I use Angular 4 at work for building a single page application. Today, I faced the problem where I had to use different base paths for router and static assets. Angular makes use of the base href to tell router how to compose navigation URLs. If your application exists at the root, then you can use / as the href value as shown below.
<base href="/">
I wanted to use /users as my application base for router and /public as base for my assets.
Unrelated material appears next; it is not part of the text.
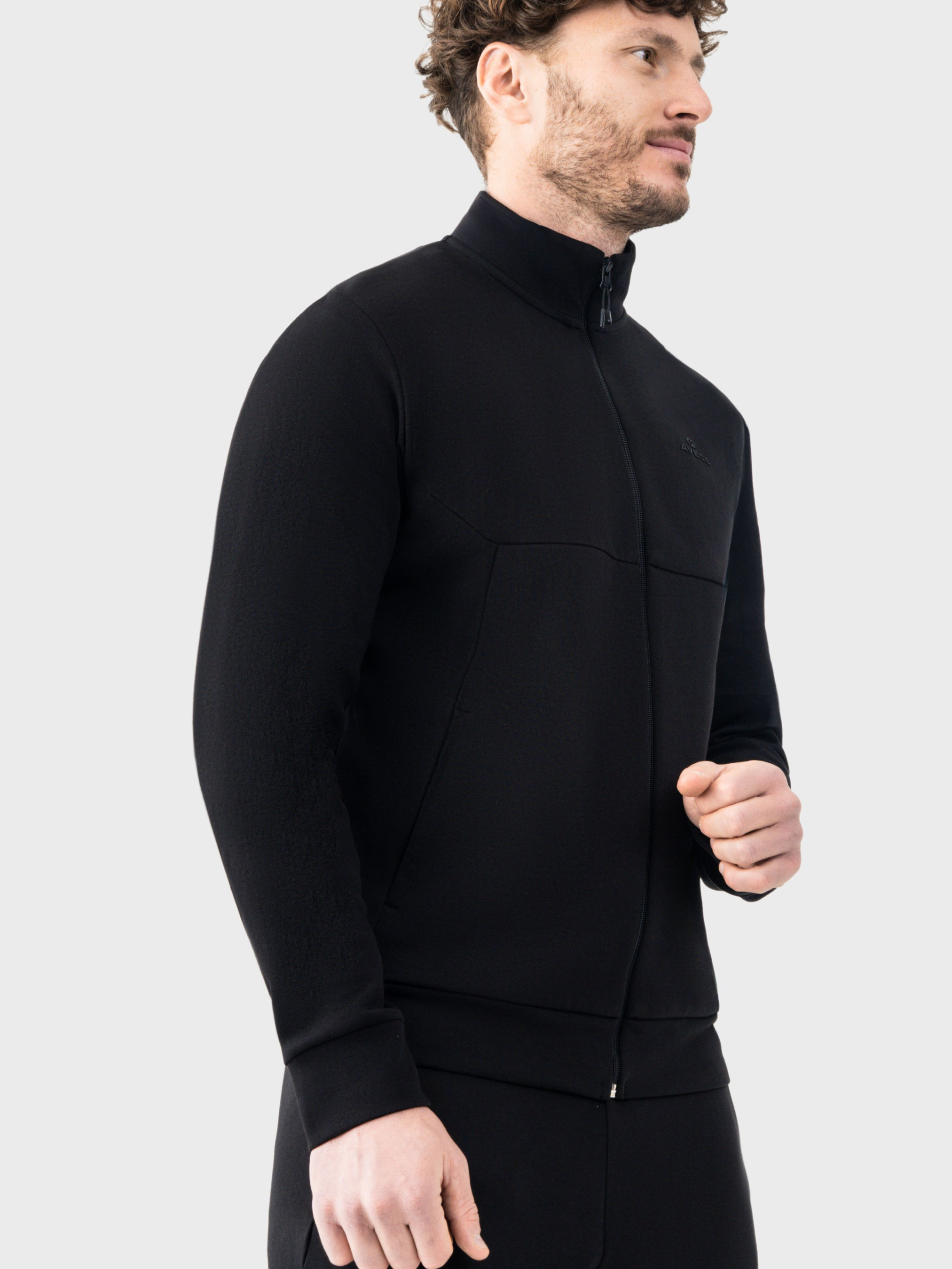 Чоловіча кофта AVECS у чорному кольорі — універсальний елемент повсякденного гардероба для прохолодної погоди та активного ритму життя. Виконана з двостороннього трикотажу Double Face, вона поєднує щільність, м’якість і зносостійкість, а склад із 80% бавовни та 20% поліестеру забезпечує комфорт і стабільне збереження форми. Комір-стійка додає захист від вітру та формує лаконічний силует. Манжети на рукавах сприяють зручній посадці, а ергономічний нагрудний шов підвищує комфорт під час руху. Дві бічні кишені з блискавками дозволяють безпечно зберігати особисті речі, а дизайнерський логотип підкреслює фірмовий стиль AVECS. Кофта AVECS — вдалий вибір для міських образів, подорожей та щоденного використання. Особливості: - Двосторонній трикотаж Double Face - Комір-стійка - Дизайнерський логотип - Дві бічні кишені, захищені блискавками - Манжети на рукавах - Ергономічний нагрудний шов Склад: бавовна 80%, поліестер 20%.

If you build the project the Angular project for the production environment using the default values you will get the following index.html generated.
$ ng build -prod
<!doctype html>
<html lang="en">
<head>
<meta charset="utf-8">
<title>SampleNgApp</title>
<base href="/">
<meta name="viewport" content="width=device-width, initial-scale=1">
<link rel="icon" type="image/x-icon" href="favicon.ico">
<link href="styles.xxxx.bundle.css" rel="stylesheet"/></head>
<body>
<app-root>Loading...</app-root>
</body>
</html>
This generated page will not work as it router will use /
as base for composing navigation URLs and static assets will be looked in the current directory.
To solve my problem, I used —-base-href
and —-deploy-url
options as shown below.
$ ng build -prod --base-href /users --deploy-url /public
<!doctype html>
<html lang="en">
<head>
<meta charset="utf-8">
<title>SampleNgApp</title>
<base href="/users">
<meta name="viewport" content="width=device-width, initial-scale=1">
<link rel="icon" type="image/x-icon" href="favicon.ico">
<link href="/public/styles.xxxx.bundle.css" rel="stylesheet"/></head>
<body>
<app-root>Loading...</app-root>
</body>
</html>
This way I solved my problem.
What about your favicon? It resides in ‘assets’, yet the path is not prefixed with ‘/public’.
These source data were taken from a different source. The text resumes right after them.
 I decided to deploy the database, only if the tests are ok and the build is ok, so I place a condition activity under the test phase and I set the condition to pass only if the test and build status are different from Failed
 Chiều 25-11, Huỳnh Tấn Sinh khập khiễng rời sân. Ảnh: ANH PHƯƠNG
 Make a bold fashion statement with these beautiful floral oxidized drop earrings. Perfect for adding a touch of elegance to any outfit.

I also stumbled on that same problem. We have no access to the root, only get a subfolder and add that using this described method. But that breaks our favicon, since favicon does not seem to respect base href, even if we put it in front of it.
Hi Shekhar, thanks for the write-up, straight to the point and very useful!
lol, what about those static files which are in `src/assets/` folder?
if you put another slash after /users you will not need to specify deploy-url. Example: –base-href /users/
You are right! and this even fixes the favicon problem. Thank you 🙂
Thanks a lot it helped to solve my issue
Short and sweet! Thank you 🙂
Thanks for this post. I have a spring-boot, angular proj; where I am trying to deploy frontend to work on 8080 instead of these 2 running on different ports. I changed outputPath to resources/static and using ng build –base-href / –deploy-url /static generates index.html and .js files in output path . But starting tomcat server I don’t see its serving front-end. I see in the generated index.html, scripts have static/runtime.js etc. But accessing it with or without /static/ in URI I do not see UI.
Is there something else I should be trying?
what if I need to invoke my angular app from legacy web application? Lets say I have a URL in JSP and by hitting url, it should launch the angular app. How to achieve this?
This is what was required. Thanks
Excelente!!!!!!!! justo lo que necesitaba
Is this configurable in the angular.json file? It seems unusual that I should need to specify `–base-href` every time I build.